# Exercise directions:
When duplicating the records beneath this instruction, omit every picture and keep all else exact.

# Supplied information:
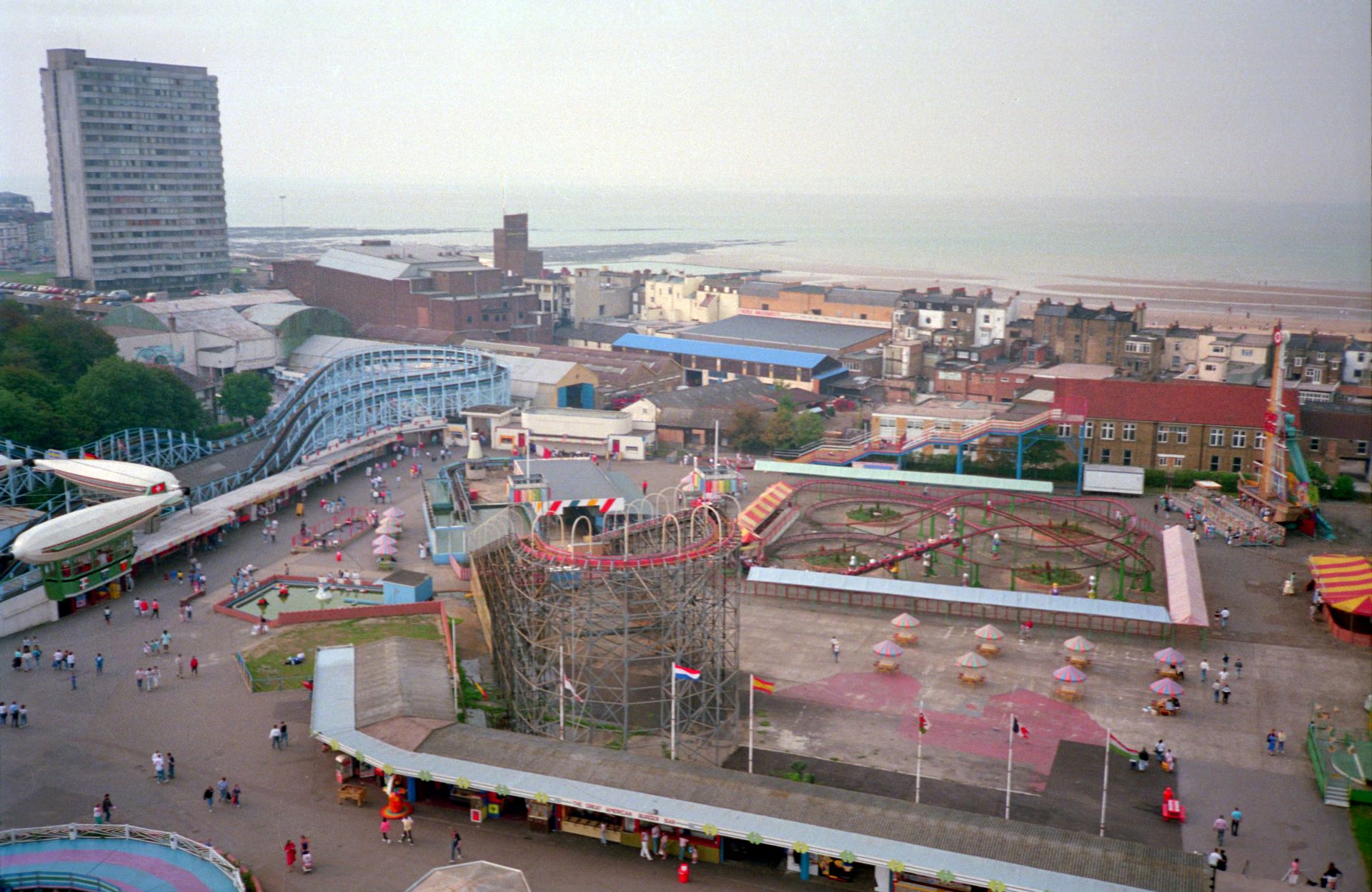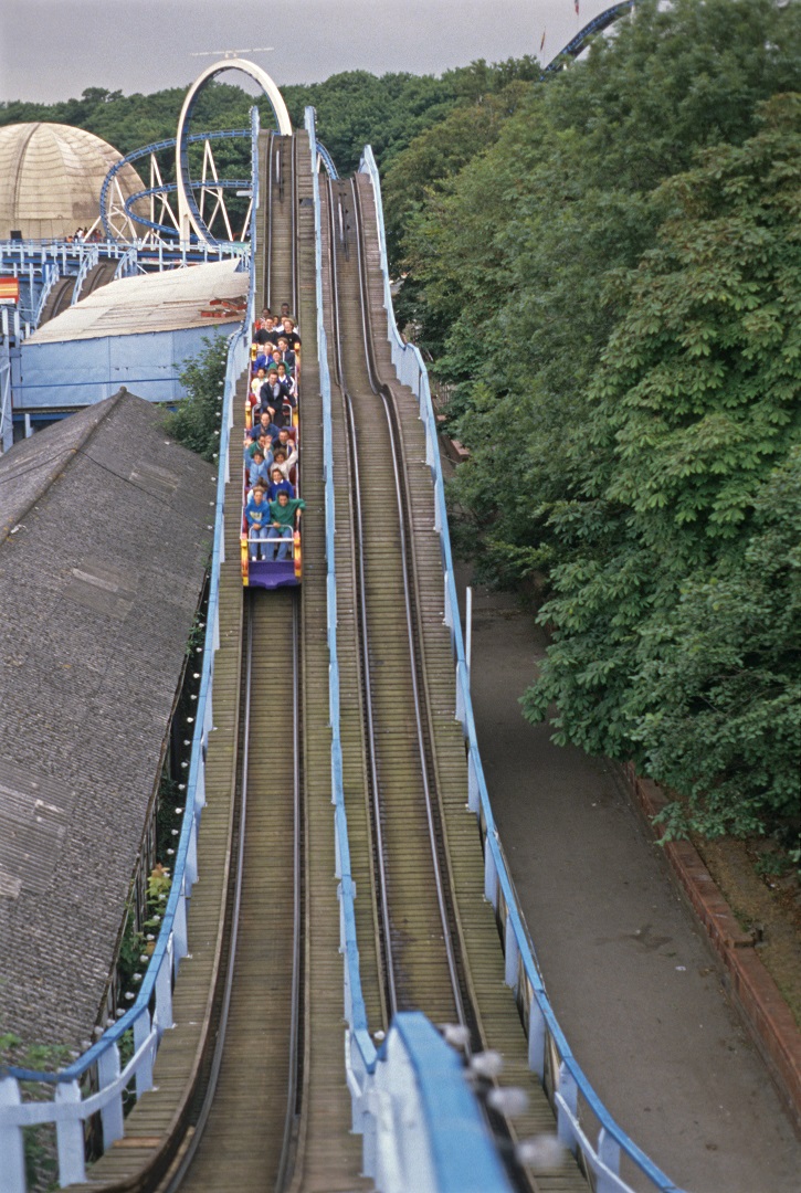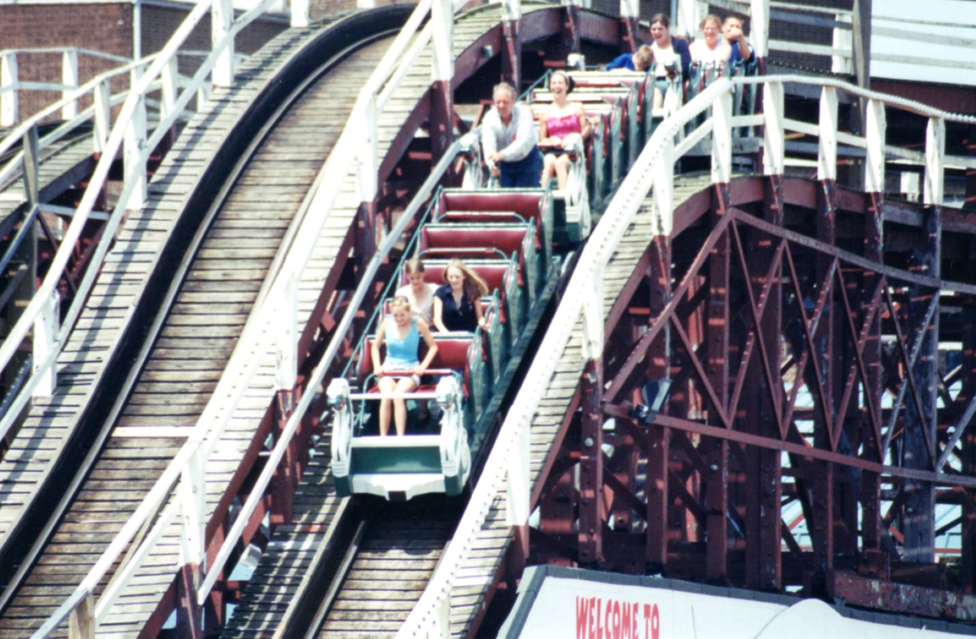 Scenic Railway’s gently thrilling, yet deceptively lengthy, double out-and-back choreography successfully mesmerized riders of all ages until the first closure of the park in 1938 owing to it passing into liquidation, an unfortunate development that may nevertheless have somewhat fortuitously coincided almost exactly with the outbreak in Europe of World War II. Dreamland reopened in 1946 under the ownership of Billy Butlin, an individual probably largely unheard of in North America but whose business acumen, along with an apparent capacity to see into the future, single-handedly shaped the manner in which the populace spent its newfound leisure hours and disposable income in post-war England every bit as much as did that of a certain Walt Disney in the United States. While other rides and attractions came and went as the decades passed, the majestic Scenic Railway continued to proudly serve as a baby boomer rite of passage, in particular for generations of residents of London and the southeast corner of the country, through a variety of park owners and incarnations. Indeed, its name and image were seemingly indelibly branded onto the very social fabric of the era. Almost every citizen of the United Kingdom, even those who had never felt even the slightest inclination to venture as dangerously close to France as the windswept Kent coastline, was somehow at least vaguely familiar with it, possibly largely because of its frequent appearances as a backdrop in television shows and movies.
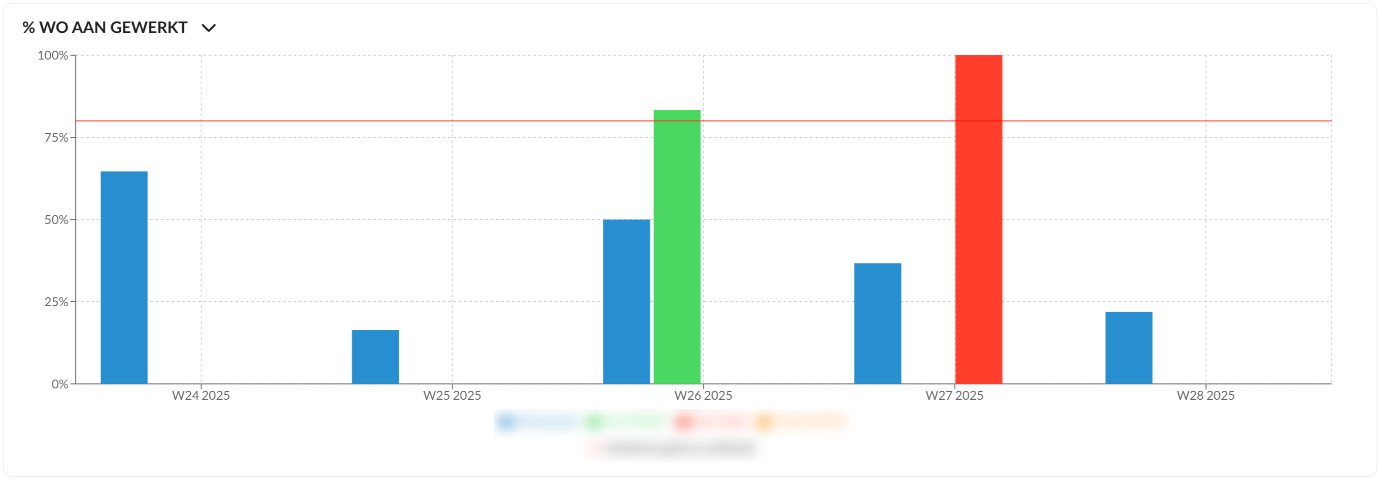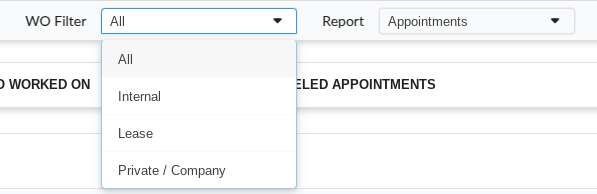 Standaard tonen de grafieken alle WO-types (Alle). Door op de dropdown WO filter te klikken, kun jij kiezen tussen verschillende typen WO: Alle, Intern, Lease of Particulier/Bedrijf (alles behalve Intern/Lease).
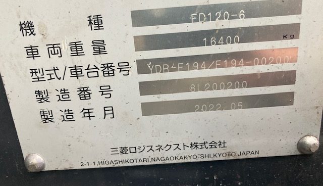 商品名 フォークリフト メーカー 三菱ロジスネクスト(TCM) 機種 FD120-6 号機 200 YR 2022 HR 3625 (2025年11月) KM --- ランク --- 置き場 津山本社 保証 --- -
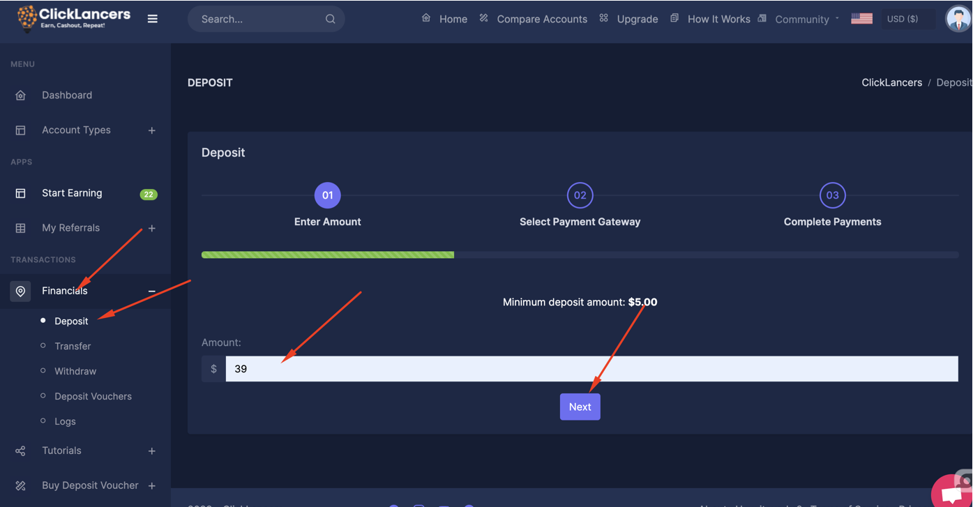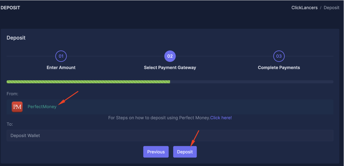 After payment, the amount is credited to your Clicklancers deposit wallet
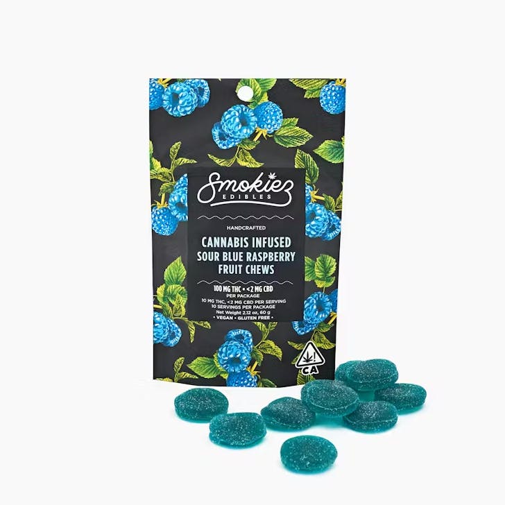 SOUR BLUE RASBERRY GUMMIES - INDICA - 100MG - SMOKIEZ
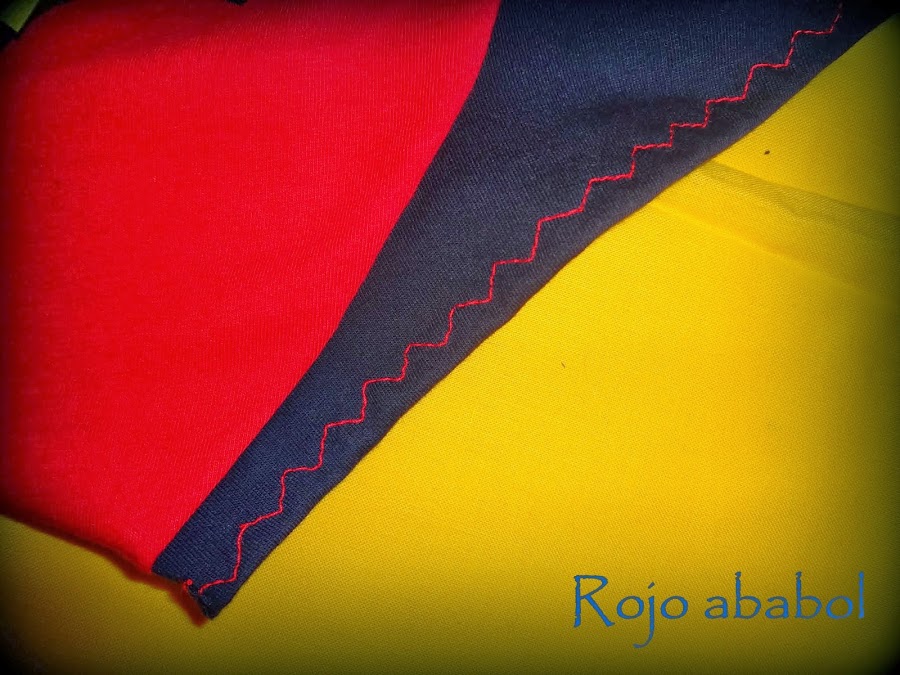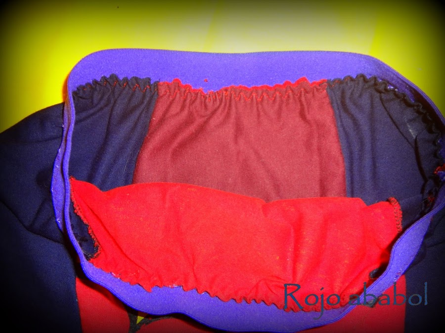 Los laterales en marino con una suya, la parte interior granate una manga de una mía y las piezas delantera y trasera en rojo y estampado de una del bollito. Vamos, reciclaje a tope de camisetas de toda la familia!! ja ja ja

# Your solution:
 Scenic Railway’s gently thrilling, yet deceptively lengthy, double out-and-back choreography successfully mesmerized riders of all ages until the first closure of the park in 1938 owing to it passing into liquidation, an unfortunate development that may nevertheless have somewhat fortuitously coincided almost exactly with the outbreak in Europe of World War II. Dreamland reopened in 1946 under the ownership of Billy Butlin, an individual probably largely unheard of in North America but whose business acumen, along with an apparent capacity to see into the future, single-handedly shaped the manner in which the populace spent its newfound leisure hours and disposable income in post-war England every bit as much as did that of a certain Walt Disney in the United States. While other rides and attractions came and went as the decades passed, the majestic Scenic Railway continued to proudly serve as a baby boomer rite of passage, in particular for generations of residents of London and the southeast corner of the country, through a variety of park owners and incarnations. Indeed, its name and image were seemingly indelibly branded onto the very social fabric of the era. Almost every citizen of the United Kingdom, even those who had never felt even the slightest inclination to venture as dangerously close to France as the windswept Kent coastline, was somehow at least vaguely familiar with it, possibly largely because of its frequent appearances as a backdrop in television shows and movies.
 Standaard tonen de grafieken alle WO-types (Alle). Door op de dropdown WO filter te klikken, kun jij kiezen tussen verschillende typen WO: Alle, Intern, Lease of Particulier/Bedrijf (alles behalve Intern/Lease).
 商品名 フォークリフト メーカー 三菱ロジスネクスト(TCM) 機種 FD120-6 号機 200 YR 2022 HR 3625 (2025年11月) KM --- ランク --- 置き場 津山本社 保証 --- -
 After payment, the amount is credited to your Clicklancers deposit wallet
 SOUR BLUE RASBERRY GUMMIES - INDICA - 100MG - SMOKIEZ
 Los laterales en marino con una suya, la parte interior granate una manga de una mía y las piezas delantera y trasera en rojo y estampado de una del bollito. Vamos, reciclaje a tope de camisetas de toda la familia!! ja ja ja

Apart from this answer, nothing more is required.